Charles Bemies

Biographical details
- Born: March 19, 1867 Northfield, Vermont, U.S.
- Died: August 10, 1948 (aged 81) Minneapolis, Minnesota, U.S.

Coaching career (HC unless noted)

Football
- 1890–1893: Geneva
- 1899–1900: Michigan Agricultural

Basketball
- 1892–1894: Geneva
- 1899–1901: Michigan Agricultural

Baseball
- 1900–1901: Michigan Agricultural

Head coaching record
- Overall: 3–8–1 (football) 5–2 (basketball) 4–10 (baseball)

= Charles Bemies =

American sports coach and minister (1867–1948)

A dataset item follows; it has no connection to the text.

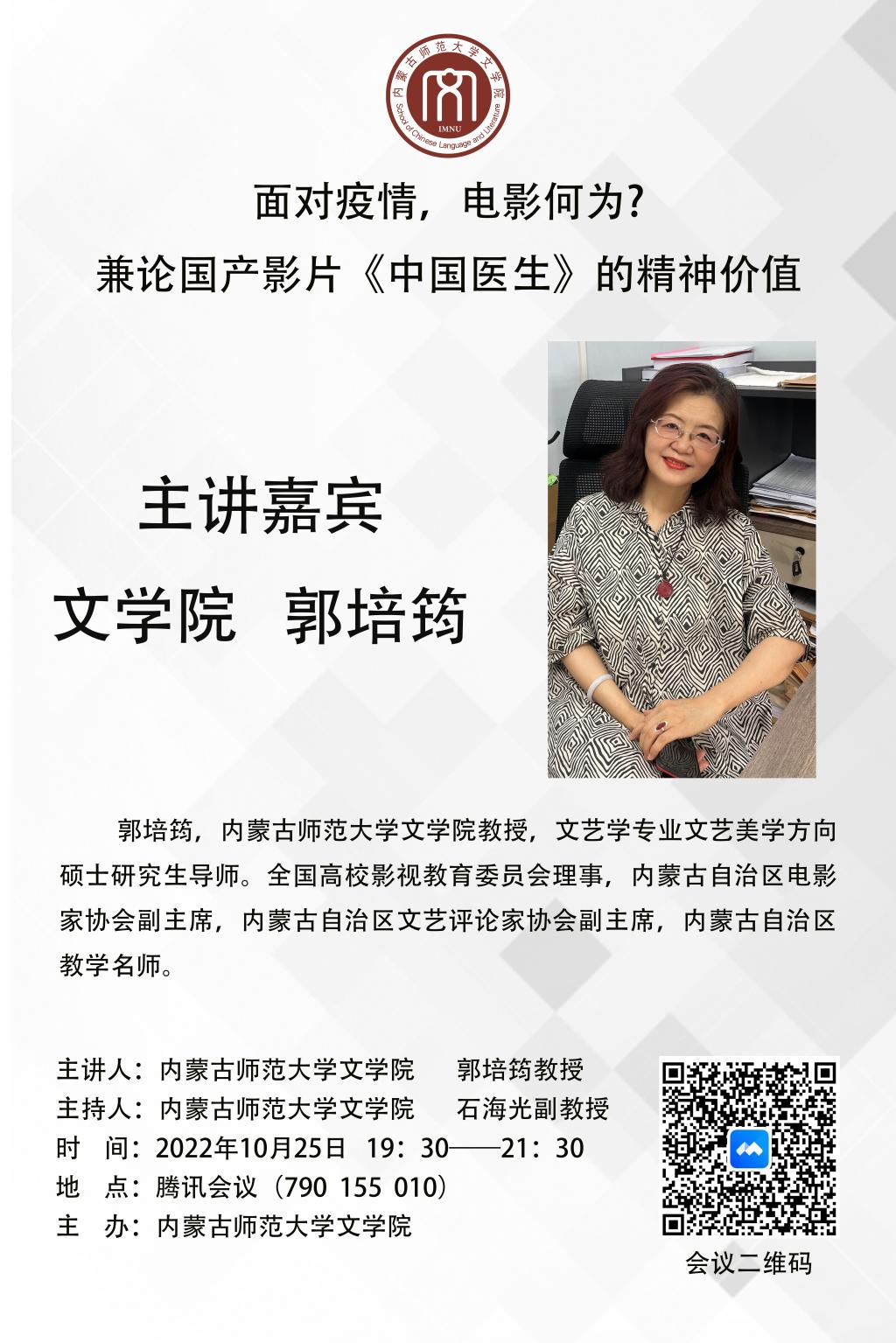 2022年10月25日,yl7703永利集团结合当前抗疫形势,组织了抗疫专题特别教研活动,由郭培筠教授做了题为《面对疫情,电影何为?——兼论国产影片<中国医生>的精神价值》的专场讲座。

Charles Otis Bemies (March 19, 1867 – August 10, 1948) was an American football, basketball, and baseball coach and Presbyterian minister. He became acquainted with James Naismith while studying at Springfield College (then known as the International Young Men's Christian Association Training School) in the late 1880s. While serving as the athletic director at Geneva College, he organized the first college basketball team in 1892. He graduated from the Western Theological Seminary and was ordained as a Presbyterian minister in 1897. From 1899 to 1901, he served as the first basketball and second football coach at Michigan Agricultural College (now known as Michigan State University). After retiring from coaching, Bemies served for many years as a Presbyterian minister and evangelist in rural Pennsylvania. He was also active with YMCA, serving with that organization in Russia in 1918 and in South Dakota in the early 1920s. Bemies lived in Minneapolis, Minnesota, in his later years and died there in 1948. He was posthumously inducted into the Beaver County Hall of Fame in 1992.

==Early years==
Bemies was born in Vermont in 1867. His father, James Otis Bemies, was a tinsmith who was born in Maine. His mother, Ellen Medora (Brigham) Bemies, was a native of Vermont. At the time of the 1870 United States census, Bemies was living in Randolph, Vermont, with his parents and an older brother, William H. Bemies (age 5). At the time of the 1880 United States census, Bemies was living in Springfield, Massachusetts, with his parents and two brothers, William H. Bemies (age 16) and James F. Bemies (age 7).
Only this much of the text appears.